# 1 Peter 3:18-21



## cih1355 (Feb 27, 2009)

1 Peter 3:18-21 says, "For Christ also died for sins once for all, the just for the unjust, so that He might bring us to God, having been put to death in the flesh, but made alive in the spirit; in which also He went and made proclamation to the spirits now in prison, who once were disobedient, when the patience of God kept waiting in the days of Noah, during the construction of the ark, in which a few, that is, eight persons, were brought safely through the water. Corresponding to that, baptism now saves you--not the removal of dirt from the flesh, but an appeal to God for a good conscience--through the resurrection of Jesus Christ"

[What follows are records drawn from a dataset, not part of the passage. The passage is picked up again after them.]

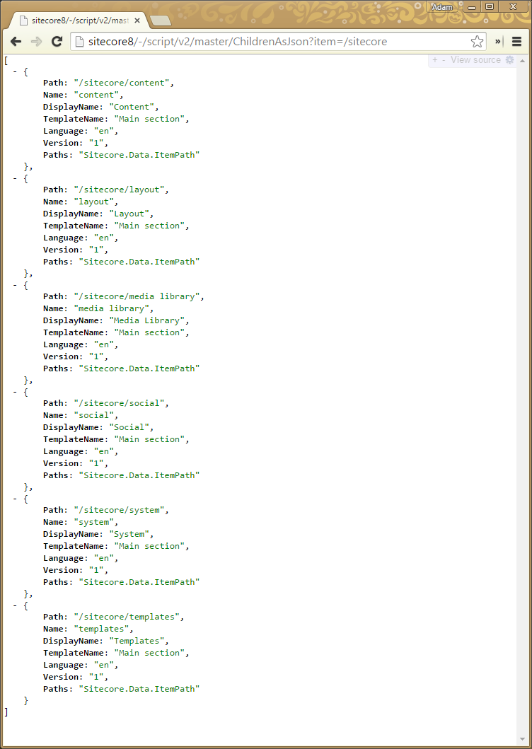 Now when we save the script with a ChildrenAsJson name to a Web API library in our module, we can call it as follows: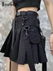 InsGoth – Mini jupe plissée Harajuku Grunge y2k à poches pour femmes, mode coréenne, taille haute, avec ruban et boucle
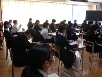 社会の授業では、県立一般選抜前のアドバイスがありました。記述式問題に対応するこつを生かして取り組みましょう。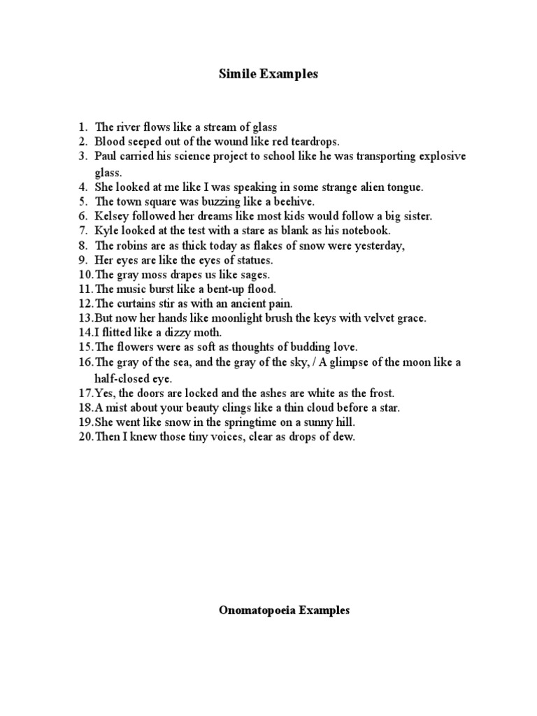 Printable Simile Examples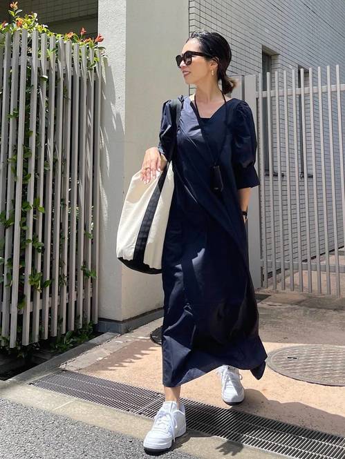 そこでおすすめしたいのが、着るだけで痩せて見える、Vネック×パフスリーブデザインのネイビーワンピースを主役にした夏コーデです。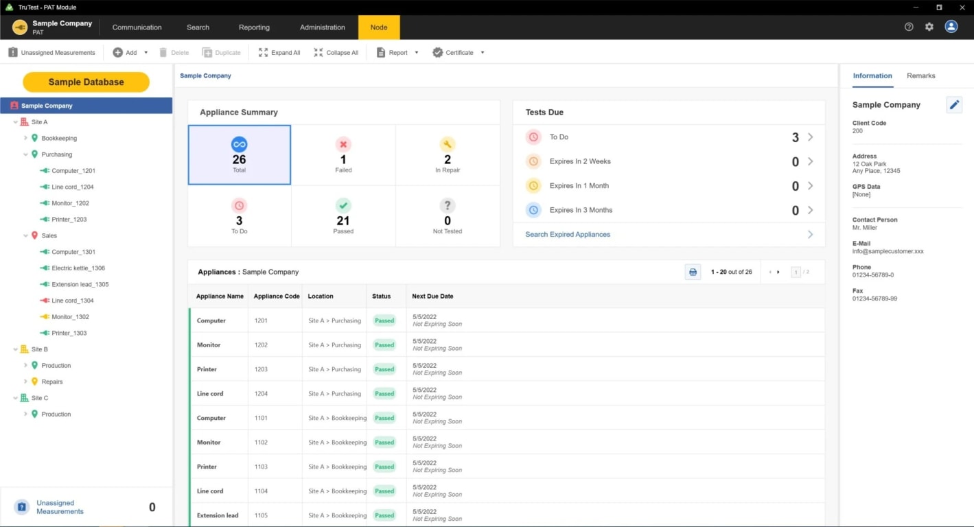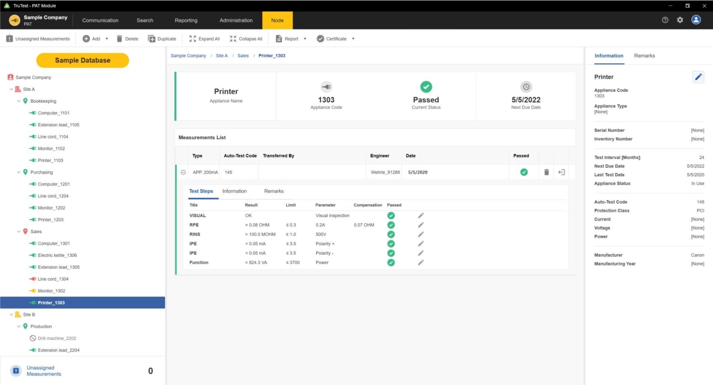 Fluke TruTest Software is designed to eliminate the hassle associated with traditional electrical system data management and reporting. Whether you are testing fixed wire installations, or appliances in an office, verifying repairs in a workshop, or performing annual inspections, proper data management is critical for producing easy-to-understand reports for clients. Compatible with a growing list of Fluke and Beha-Amprobe test and measurement devices, TruTest Software allows you to quickly and easily import measurement results directly from your test instruments, manage files transferred from instruments, or manually enter data as needed.

When Peter says, "Baptism now saves you...", the phrase, "not the removal of dirt from the flesh, but an appeal to God for a good conscience", explains what that means. Could anyone explain what is meant by the phrase, "not the removal of dirt from the flesh, but an appeal to God for a good conscience"?


----------



## Ivan (Feb 27, 2009)

*bump*


----------



## Michael (Feb 27, 2009)

Perhaps there is more to this question but...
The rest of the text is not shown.